What the exercise asks:
The required copy runs from the first line of the material through the line containing "- Dosah: max.", exactly as written and without pictures.
+++ Provided data
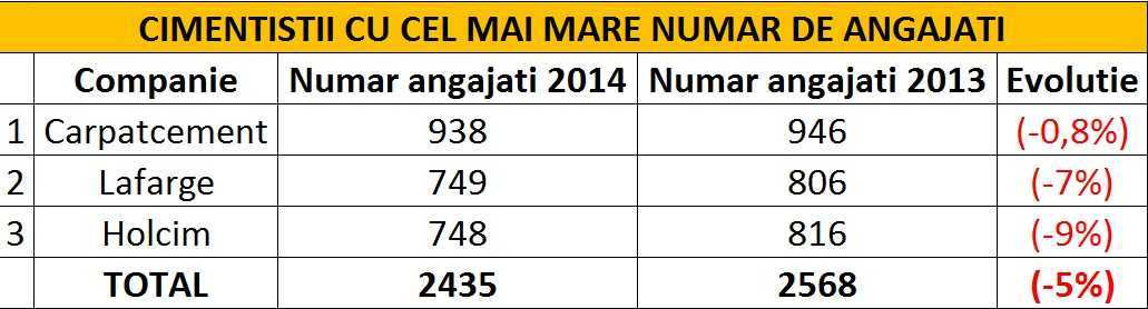 Din analiza wall-street.ro mai reiese faptul ca in top 3 al celor mai mari producatori de ciment la nivel local numarul de angajati s-a redus cu circa 5% in 2014.
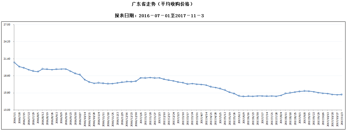 据对全省53家规模以上生猪定点屠宰样本企业监测统计,2017年10月28-11月3日,生猪平均收购价格为15.49元/公斤,较前一周上涨0.06%,较去年同期下降11.23%。本周较上周环比涨幅较大的地区有珠海市4.11%,江门市3.11%,惠州市1.50%,但仍有8个市呈下降态势,其中中山和梅州降幅分别超过2%和3%。
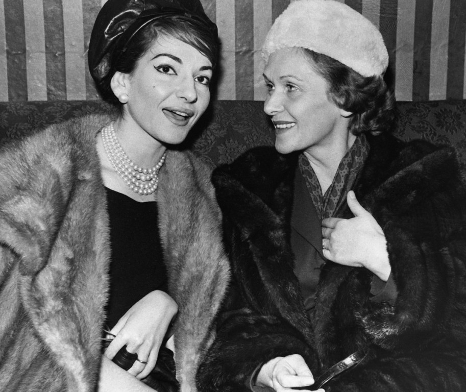 Maria Callas (links) im Gespräch mit der deutschen Opernsängerin Elisabeth Schwarzkopf.
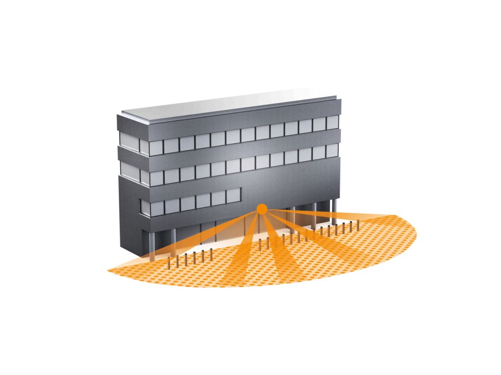 - Dosah: max. 20 m (7 m²), tangenciálne max. 8 m
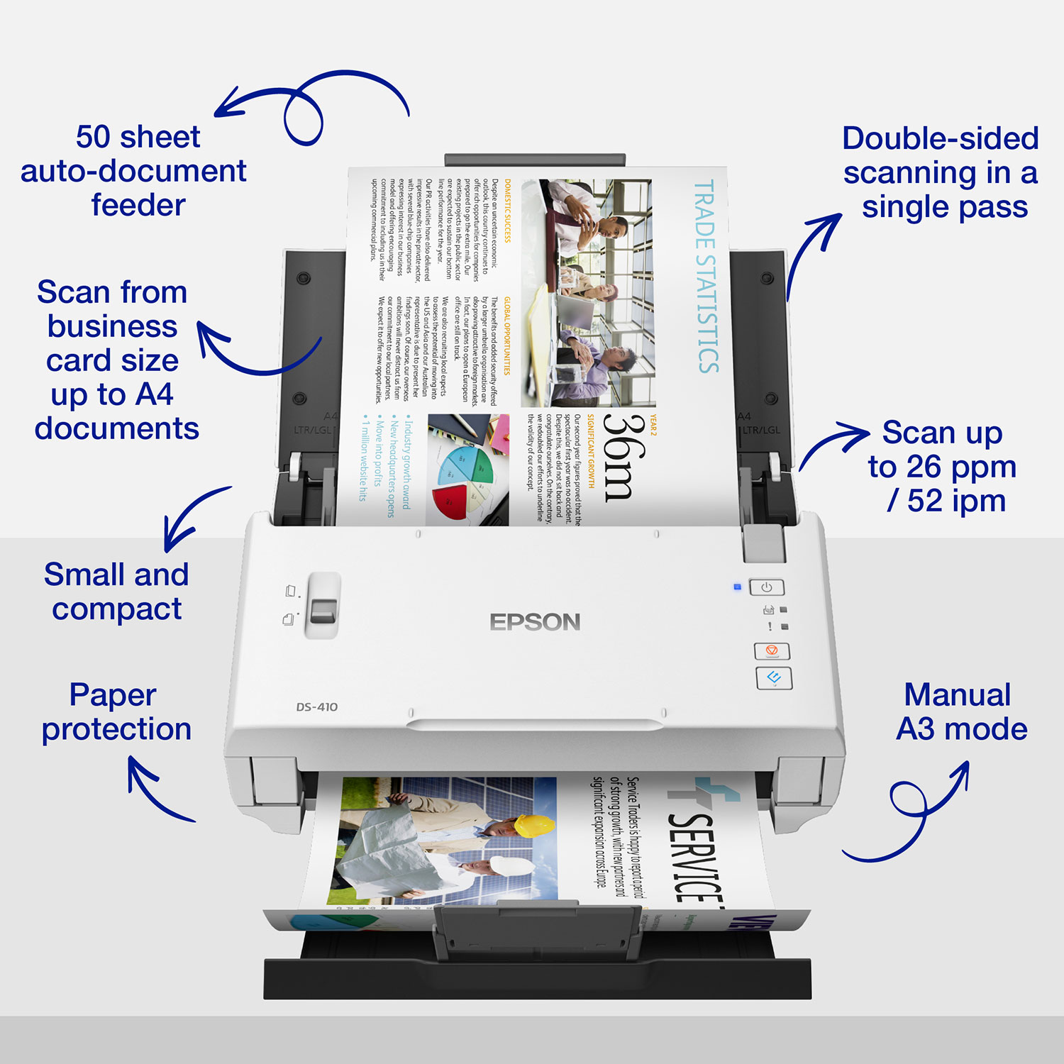 - Epson Scanner DS-410: Dirancang untuk kebutuhan pemindaian harian dengan volume sedang, DS-410 menawarkan kecepatan pemindaian yang solid. Ia mampu memindai hingga 26 halaman per menit (ppm) untuk dokumen hitam putih maupun berwarna, serta 52 gambar per menit (ipm) untuk pemindaian dua sisi (duplex). Ideal untuk kantor kecil, usaha rumahan, atau departemen dengan kebutuhan arsip digital yang tidak terlalu masif. Scanner Epson DS-410 – Solusi Pemindaian Terbaik …
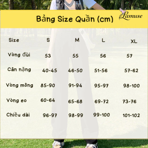 ✔ Bảng size chỉ mang tính chất tham khảo tương đối, tùy thuộc vào số đo cơ thể mỗi người và chất liệu vải sẽ có sự chênh lệch nhất định. Nếu bạn mua hàng lần đầu hoặc chưa chắc chắn về chọn size, vui lòng inbox cho Lamuse để được tư vấn size phù hợp
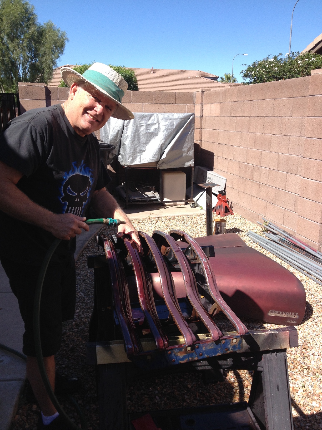 Next, Mark will paint the underside of the hood, so we can reattach that as well. (Yeah, this is the rare occasion where I can say ‘we’ . . . I’ve redeemed myself on occasion by at least being of help lifting the bed off the chassis, or lifting the hood or fenders when needed. <“Right, honey?”>)
++++++
Result of the exercise:
 Din analiza wall-street.ro mai reiese faptul ca in top 3 al celor mai mari producatori de ciment la nivel local numarul de angajati s-a redus cu circa 5% in 2014.
 据对全省53家规模以上生猪定点屠宰样本企业监测统计,2017年10月28-11月3日,生猪平均收购价格为15.49元/公斤,较前一周上涨0.06%,较去年同期下降11.23%。本周较上周环比涨幅较大的地区有珠海市4.11%,江门市3.11%,惠州市1.50%,但仍有8个市呈下降态势,其中中山和梅州降幅分别超过2%和3%。
 Maria Callas (links) im Gespräch mit der deutschen Opernsängerin Elisabeth Schwarzkopf.
 - Dosah: max. 20 m (7 m²), tangenciálne max. 8 m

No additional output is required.